(Instructions to follow): Copy each line below as written, but skip the pictures.
━━━ Input material
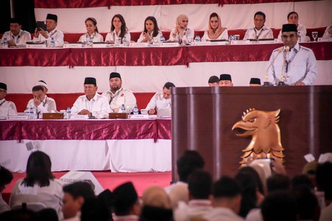 Ketua Umum Partai Gerindra sekaligus Calon Presiden nomor urut 2 Prabowo Subianto menghadiri Rapat Koordinasi Nasional (Rakornas) Partai Gerindra di Jakarta Internasional Expo (JIExpo), Kemayoran, Jakarta, Jumat (15/12).
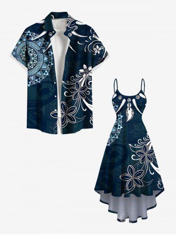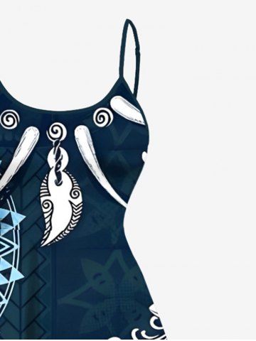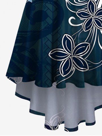 Plus Size Ethnic Flowers Compass Ivory Necklace Print High Low Hawaii Cami Dress - Verde Oscuro - Xs
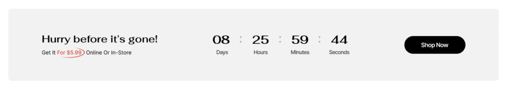 Heading | Configure the main promotional heading: Content Settings: ——————— Caption – Optional text above heading Heading – Main promotional text (e.g., “Hurry before it’s gone!”) Subheading – Additional promotional text (e.g., “Get it for $5.99 Online or In-Store”) Text Styling: ————— Text style – Subtitle or Uppercase options Heading size – Small, Medium, or Large Use bold style to emphasize or highlight text color Layout: ———— Content alignment – Left, Center, or Right alignment Mobile devices default to center alignment |
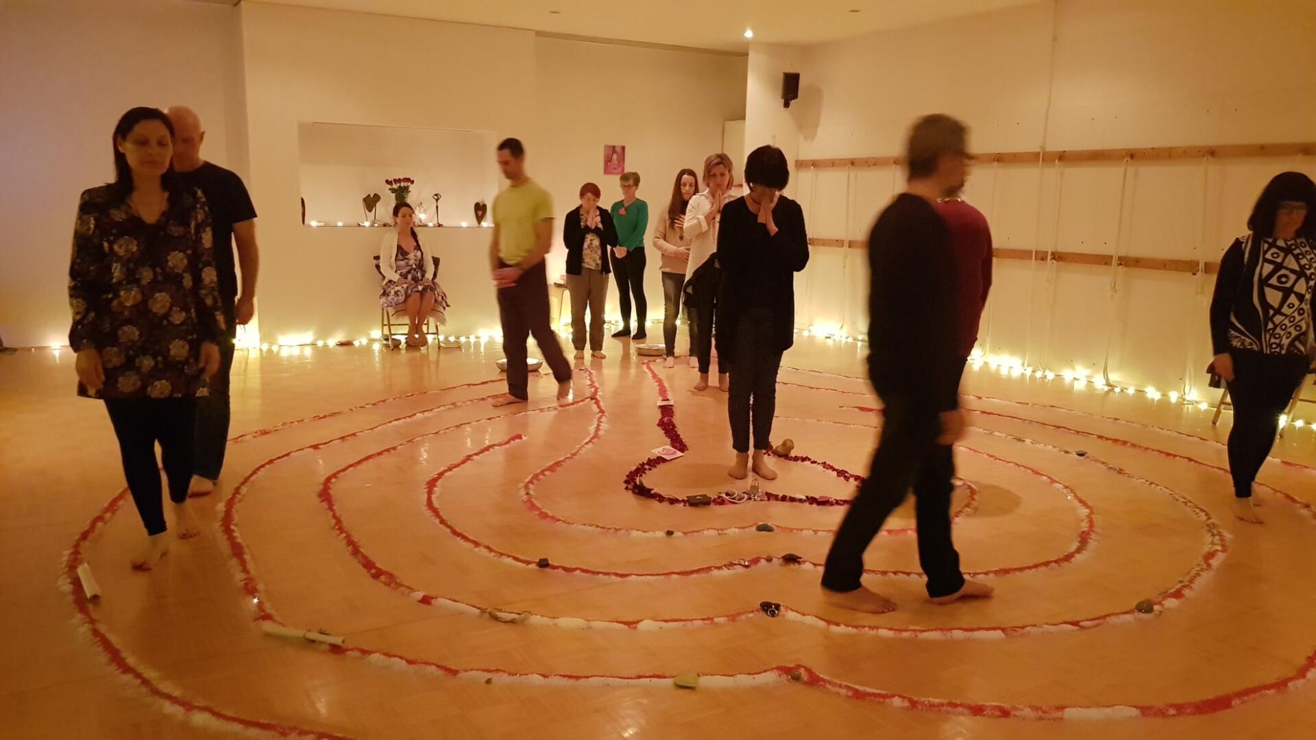 Čudovita izkušnja, ki je prevzela vsa srca udeleženk in udeležencev sobotnega dogodka Pot do srca, kjer se je odvijala tudi postavitev labirinta Pot do svetišča duše. Občutki povezanosti, sprejemanja in srčnosti so prevevali prav vse. V manjši butični skupini smo si preko različnih pristopov dovolili odpreti srce ter nato aktivirati sveti prostor, ki domuje za srcem, svetišče, kjer najdemo svojo dušo.
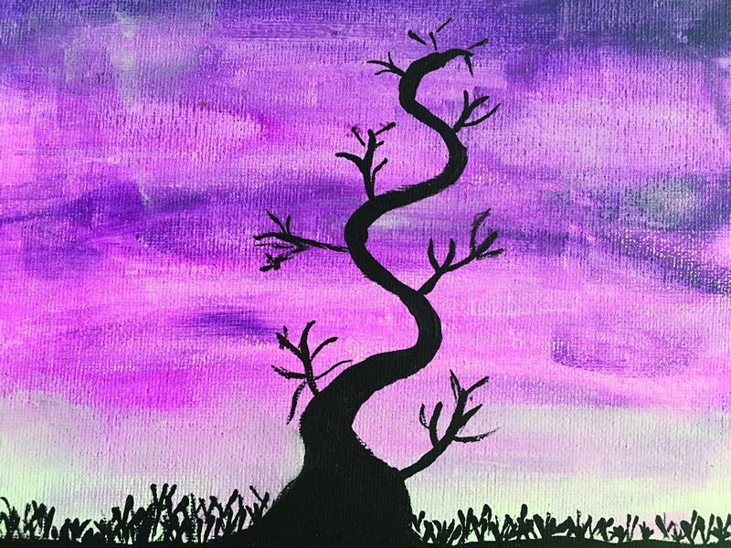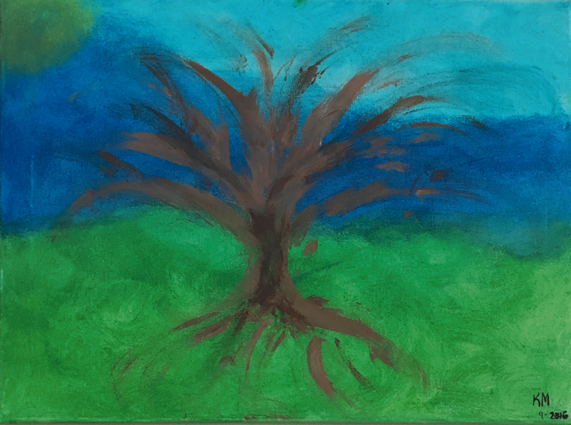 I painted this tree at a breast cancer retreat, while I was going through treatment. This tree shows the sadness and anger that I was feeling. My second acrylic painting, titled “Dark & Twisted,” shows my feelings during treatment, asking “why me”? I try to stay positive, but sometimes I just have to let the dark thoughts and feelings out.
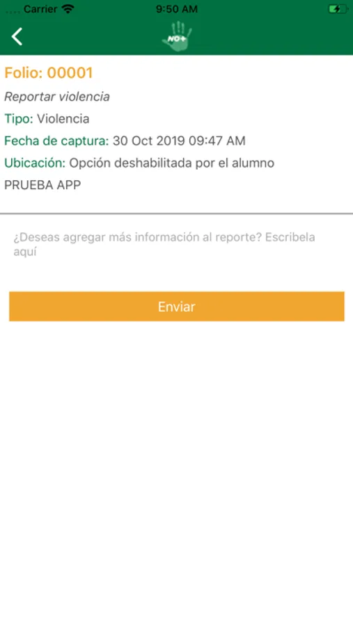Al enviar un reporte te estarás comunicando, por medio de un mensaje, con el responsable para brindarte atención.
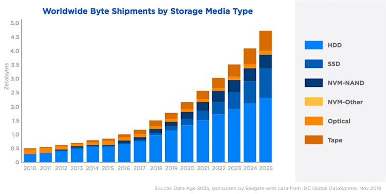 Abb. 1: Worldwide Byte Shipments by Storage Media Type (Bildquelle: DATA AGE 2015 - The Digitization of the World From Edge to Core / David Reinsel, John Gantz, John Rending, November 2018 / IDC White Paper – #US44413318, Sponsored by Seagate, Figure 10). Link > https://www.seagate.com/de/de/our-story/data-age-2025/
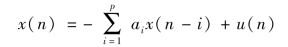 p阶AR模型的参数为ai(i=1,2,…,p),u(n)为白噪声序列,对其进行Z变换,则AR模型的传递函数为
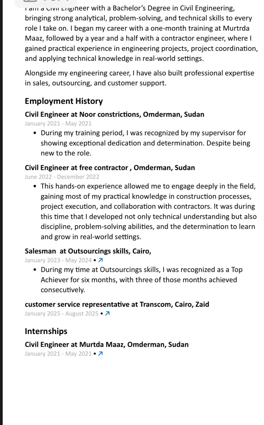 Civil engineer حديث التخرج من السودان أتحدث عربي وانجليزي ابحث عن فرصه لمهندس موقع
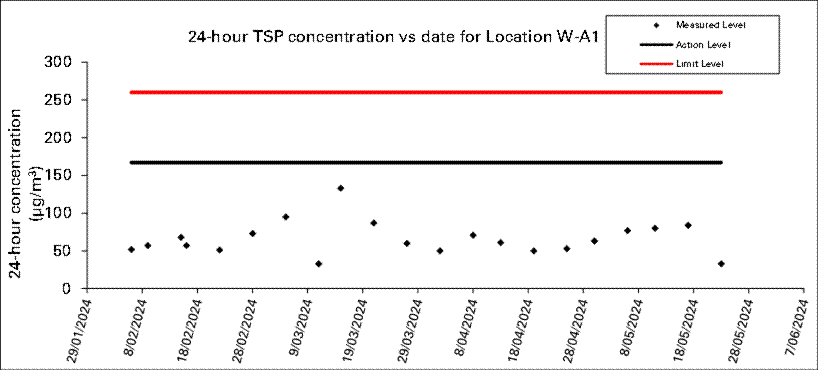 A.7 One Action Level of construction noise was triggered during the reporting month as documented complaints were received. No exceedance of Limit Level of construction noise was recorded in the reporting month. No exceedance of the Action and Limit Level of 24-hour TSP and 1-hour TSP was recorded in the reporting month.
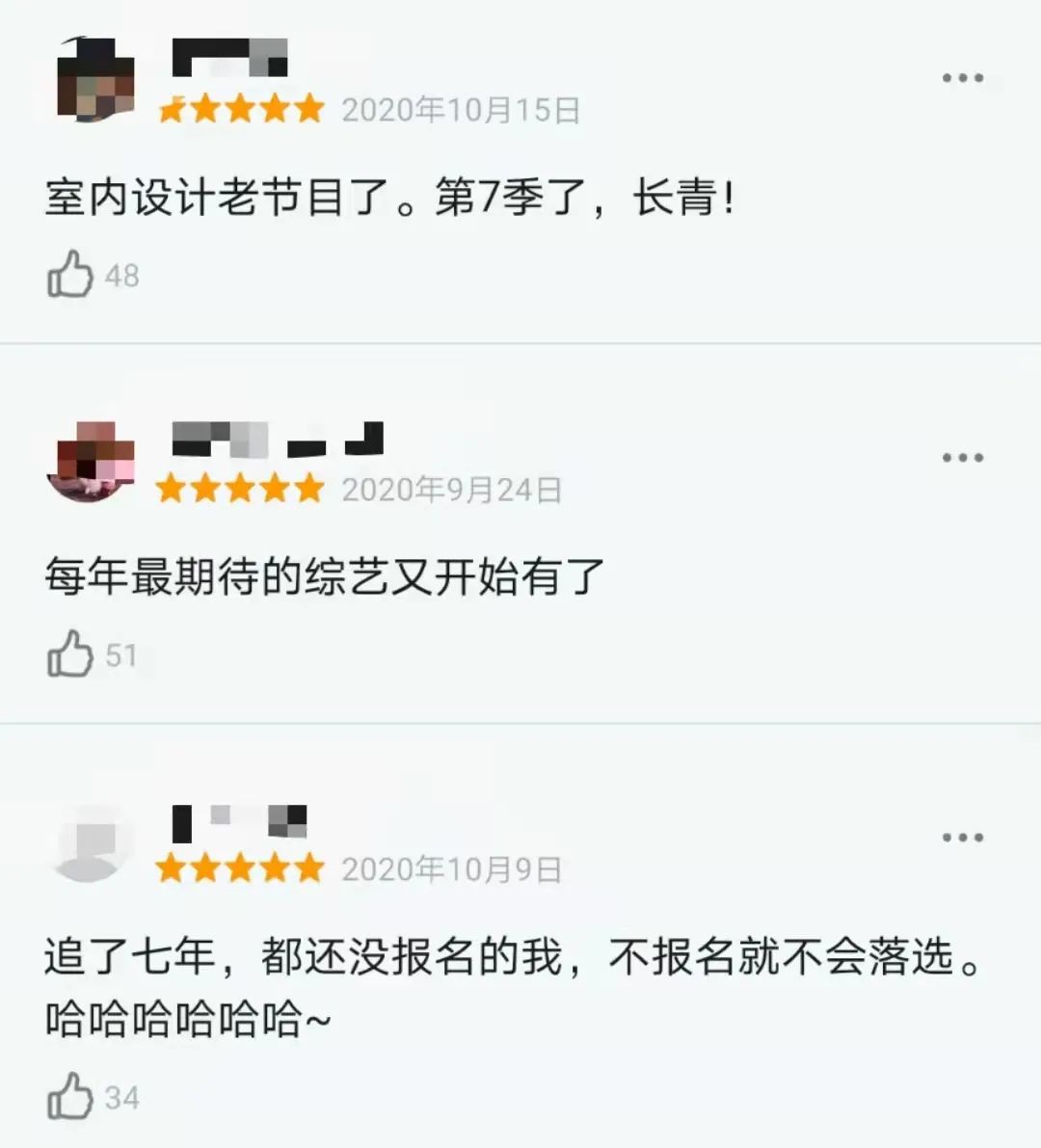 在第7季和第8季的豆瓣短评中,不难看到很多翘首期盼的身影:“室内设计老节目了。第七季了,长青!”,亦或是“每年最期待的综艺又开始了”,还有“追了七年,都还没有报名的我,不报名就不会落选”这样追了七年的忠实观众。
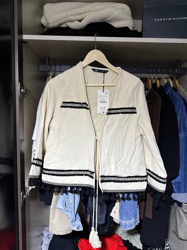 Zara Pamuklu, nakışlı ve püsküllü detaylara sahip bol kesim, uzun kollu bohem kadın ceket. yaka ve kol detaylı midi boyda, açık beyaz renktedir. Sıfır ve etiketlidir
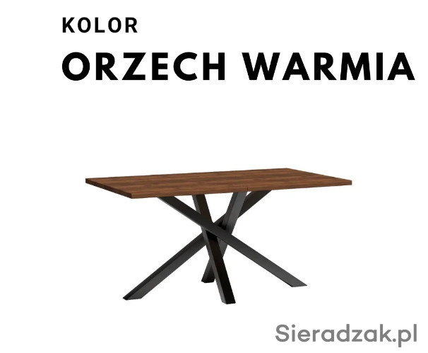 Duży, rozkładany stół do jadalni, salonu. Nogi są wykonane z metalu, pomalowane proszkowo na czarny kolor. Stół przed rozłożeniem ma długość 160 cm. Może posłużyć jako duży stół na rodzinne okazję, gdzie zapraszamy większą liczbę osób. Korzystając z dołączonej wkładki (50 cm), możemy mieć duży mebel na rodzinne obiady i przyjęcia. Stół rozkłada się aż do rozmiaru 260 cm. Stół pasuje do nowoczesnych industrialnych, loftowych wnętrz, jaki i klasycznych wystrojów. Grubość blatu to 3,2cm.
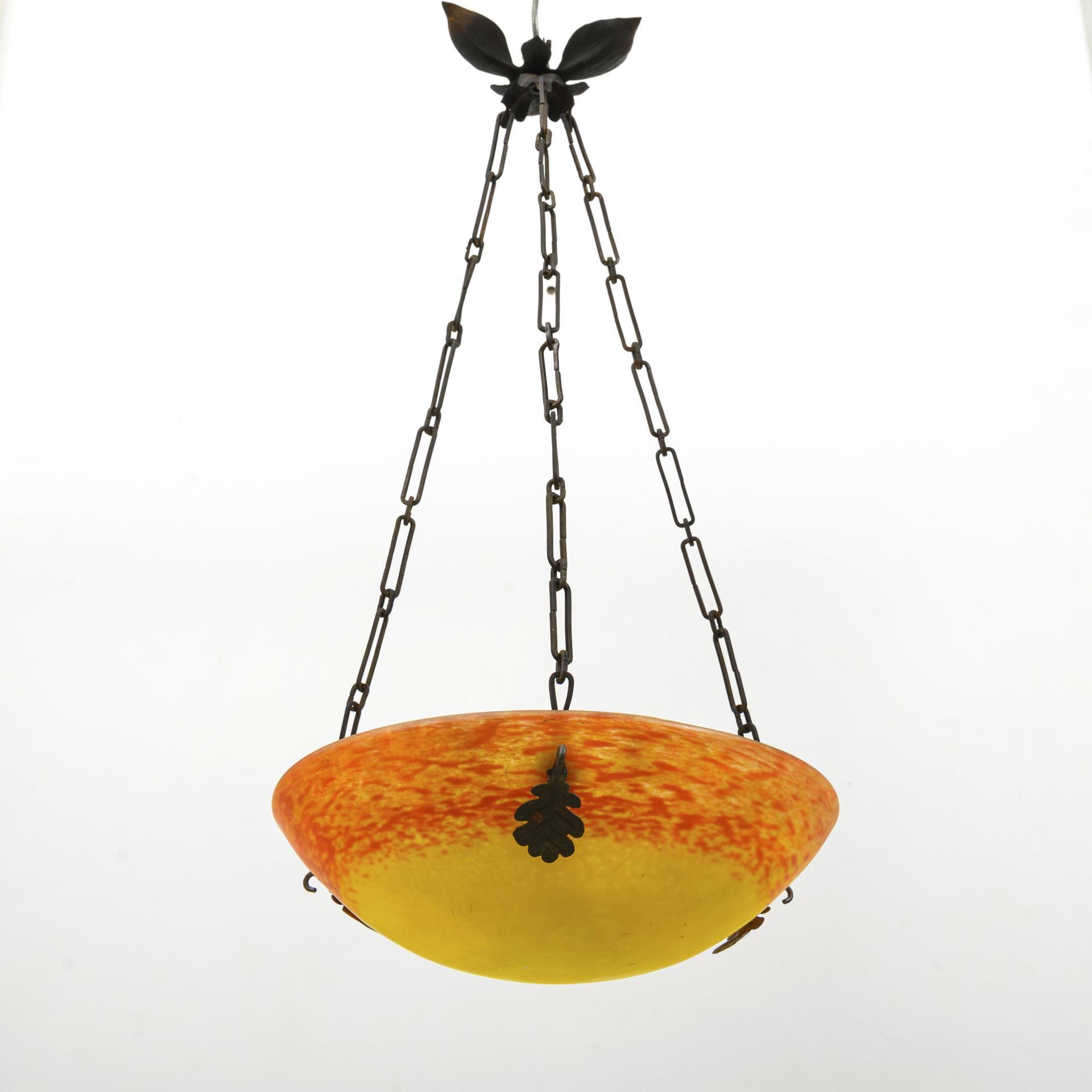 Deckenlampe mit Blattbaldachin und drei schmiedeeisernen Kettenaufhängungen. Die Schale aus farblosem, mattiertem Glas weist Pulvereinschmelzungen in rot, gelb und orange auf und ist an Laubansätzen befestigt
━━━━━━
(Written solution):
 Ketua Umum Partai Gerindra sekaligus Calon Presiden nomor urut 2 Prabowo Subianto menghadiri Rapat Koordinasi Nasional (Rakornas) Partai Gerindra di Jakarta Internasional Expo (JIExpo), Kemayoran, Jakarta, Jumat (15/12).
 Plus Size Ethnic Flowers Compass Ivory Necklace Print High Low Hawaii Cami Dress - Verde Oscuro - Xs
 Heading | Configure the main promotional heading: Content Settings: ——————— Caption – Optional text above heading Heading – Main promotional text (e.g., “Hurry before it’s gone!”) Subheading – Additional promotional text (e.g., “Get it for $5.99 Online or In-Store”) Text Styling: ————— Text style – Subtitle or Uppercase options Heading size – Small, Medium, or Large Use bold style to emphasize or highlight text color Layout: ———— Content alignment – Left, Center, or Right alignment Mobile devices default to center alignment |
 Čudovita izkušnja, ki je prevzela vsa srca udeleženk in udeležencev sobotnega dogodka Pot do srca, kjer se je odvijala tudi postavitev labirinta Pot do svetišča duše. Občutki povezanosti, sprejemanja in srčnosti so prevevali prav vse. V manjši butični skupini smo si preko različnih pristopov dovolili odpreti srce ter nato aktivirati sveti prostor, ki domuje za srcem, svetišče, kjer najdemo svojo dušo.
 I painted this tree at a breast cancer retreat, while I was going through treatment. This tree shows the sadness and anger that I was feeling. My second acrylic painting, titled “Dark & Twisted,” shows my feelings during treatment, asking “why me”? I try to stay positive, but sometimes I just have to let the dark thoughts and feelings out.
Al enviar un reporte te estarás comunicando, por medio de un mensaje, con el responsable para brindarte atención.
 Abb. 1: Worldwide Byte Shipments by Storage Media Type (Bildquelle: DATA AGE 2015 - The Digitization of the World From Edge to Core / David Reinsel, John Gantz, John Rending, November 2018 / IDC White Paper – #US44413318, Sponsored by Seagate, Figure 10). Link > https://www.seagate.com/de/de/our-story/data-age-2025/
 p阶AR模型的参数为ai(i=1,2,…,p),u(n)为白噪声序列,对其进行Z变换,则AR模型的传递函数为
 Civil engineer حديث التخرج من السودان أتحدث عربي وانجليزي ابحث عن فرصه لمهندس موقع
 A.7 One Action Level of construction noise was triggered during the reporting month as documented complaints were received. No exceedance of Limit Level of construction noise was recorded in the reporting month. No exceedance of the Action and Limit Level of 24-hour TSP and 1-hour TSP was recorded in the reporting month.
 在第7季和第8季的豆瓣短评中,不难看到很多翘首期盼的身影:“室内设计老节目了。第七季了,长青!”,亦或是“每年最期待的综艺又开始了”,还有“追了七年,都还没有报名的我,不报名就不会落选”这样追了七年的忠实观众。
 Zara Pamuklu, nakışlı ve püsküllü detaylara sahip bol kesim, uzun kollu bohem kadın ceket. yaka ve kol detaylı midi boyda, açık beyaz renktedir. Sıfır ve etiketlidir
 Duży, rozkładany stół do jadalni, salonu. Nogi są wykonane z metalu, pomalowane proszkowo na czarny kolor. Stół przed rozłożeniem ma długość 160 cm. Może posłużyć jako duży stół na rodzinne okazję, gdzie zapraszamy większą liczbę osób. Korzystając z dołączonej wkładki (50 cm), możemy mieć duży mebel na rodzinne obiady i przyjęcia. Stół rozkłada się aż do rozmiaru 260 cm. Stół pasuje do nowoczesnych industrialnych, loftowych wnętrz, jaki i klasycznych wystrojów. Grubość blatu to 3,2cm.
 Deckenlampe mit Blattbaldachin und drei schmiedeeisernen Kettenaufhängungen. Die Schale aus farblosem, mattiertem Glas weist Pulvereinschmelzungen in rot, gelb und orange auf und ist an Laubansätzen befestigt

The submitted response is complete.